Amelioration of white matter injury through mitigating ferroptosis following hepcidin treatment after spinal cord injury

Abstract

Abstract Spinal cord injury (SCI) usually introduces permanent or long-lasting neurological impairments. Maintaining the integrity of limited number of white matter bundles (5–10%) preserves wholly or partially locomotor following SCI. Considering that the basic structure of white matter bundles is axon wrapped by oligodendrocytes, promoting oligodendrocytes survival might be a feasible strategy for reducing white matter injury (WMI) after SCI. Oligodendrocytes are rich in unsaturated fatty acid, and susceptible to ferroptosis-induced damage. Hence, exploring method to reduce ferroptosis is supposed to expedite oligodendrocytes survival, thereafter mitigating WMI to facilitate functional recovery post-SCI. Here, the results indicated the administration of hepcidin reduced iron accumulation to promote oligodendrocytes survival and to decrease spinal cord atrophy, thereafter facilitating functional recovery. Then, the WMI was evidently decreased due to attenuating ferroptosis. Subsequently, the results uncovered that the expression of divalent metal transporter 1 (DMT1) and transferrin receptor 1 (TfR1) was expressed in CC1+ cells.
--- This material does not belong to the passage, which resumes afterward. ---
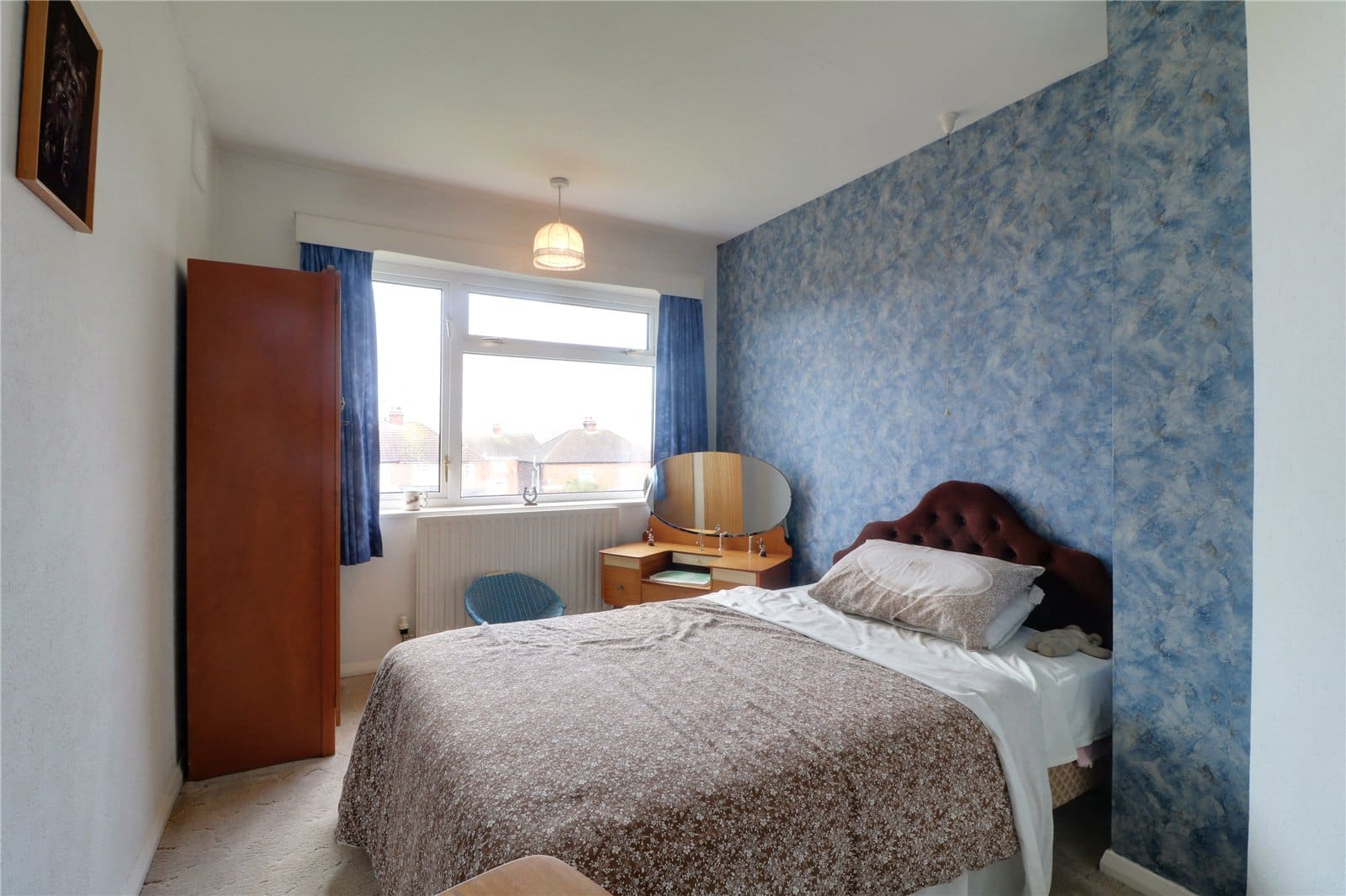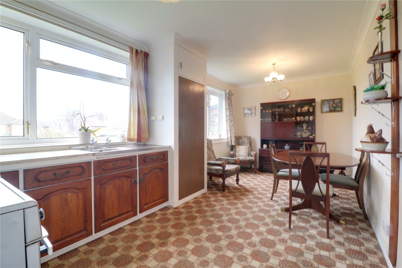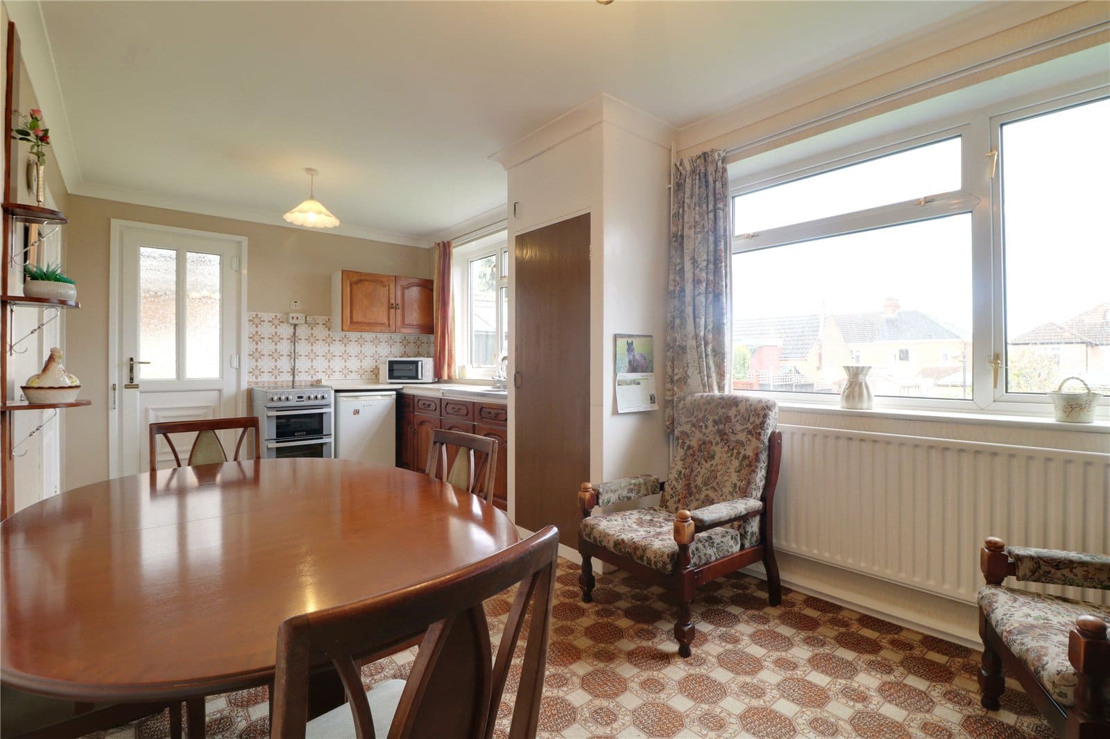 With two rear uPVC double glazed windows and a side uPVC double glazed door allowing access to the rear garden. The kitchen includes low level oak units, drawer units and wall units with a patterned working top surface with a single stainless steel sink unit with block mixer tap and drainer to the side, space for a free standing cooker and undercounter fridge, built-in storage cupboard and wall to ceiling coving.
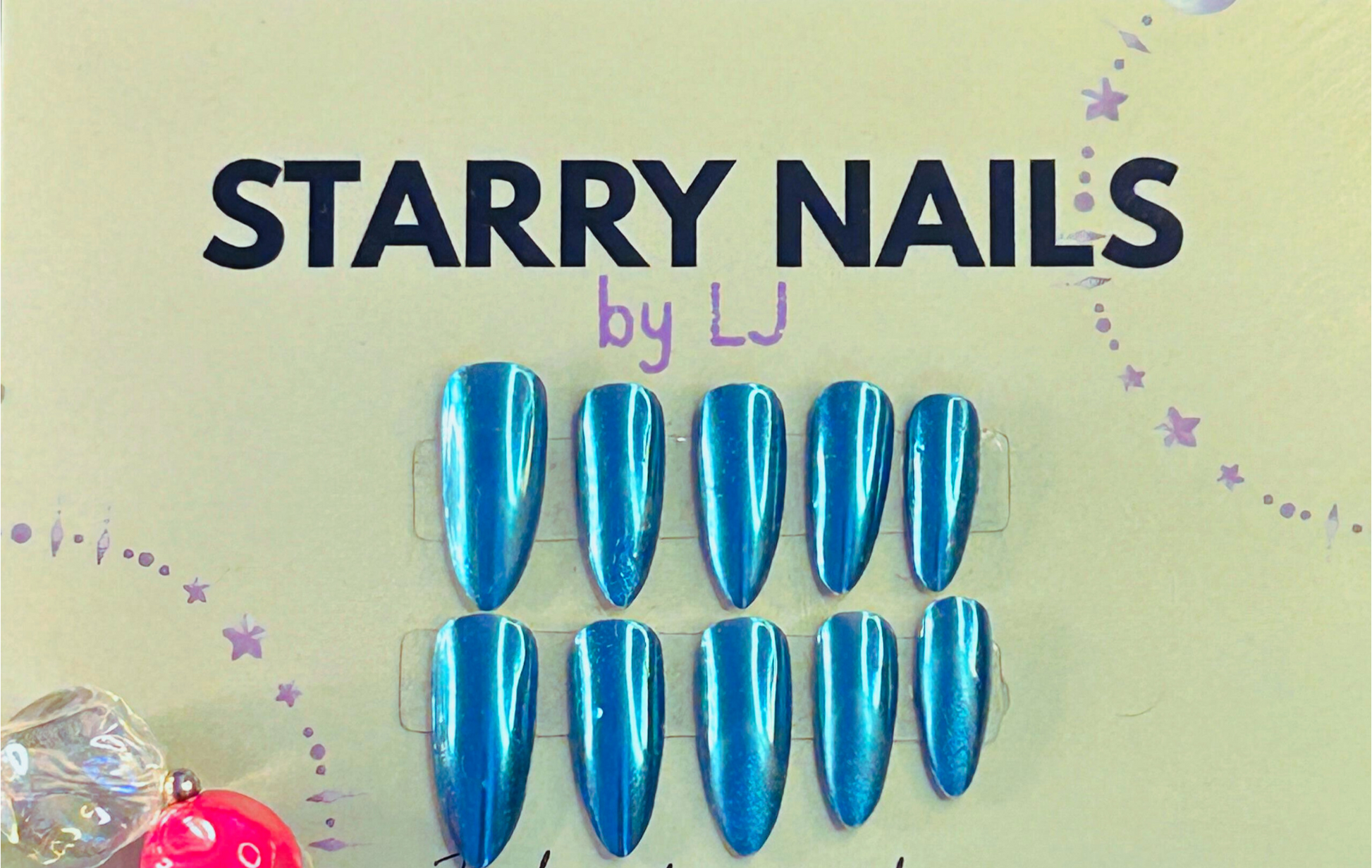 Slip on some shine with these dazzling Sapphire press ons! These chrome blue beauties bring a fun, futuristic vibe to your nails - glam has never been this easy.

The expression level of DMT1 and TfR1 was significantly increased, while this phenomenon was obviously neutralized with the administration of hepcidin in the epicenter of spinal cord after SCI. Afterward, the application of hepcidin downregulated reactive oxygen species (ROS) overload, which was evidently increased with the treatment of 20 µM FeCl3, thereafter increasing cell viability and reducing lactate dehydrogenase (LDH) activity through downregulating the expression of DMT1 and TfR1 to inhibit ferroptosis in oligodendrocyte progenitor cells (OPCs). The present study provides evidence that the application of hepcidin expedites oligodendrocytes survival to alleviate WMI via minimizing the expression of DMT1 and TfR1.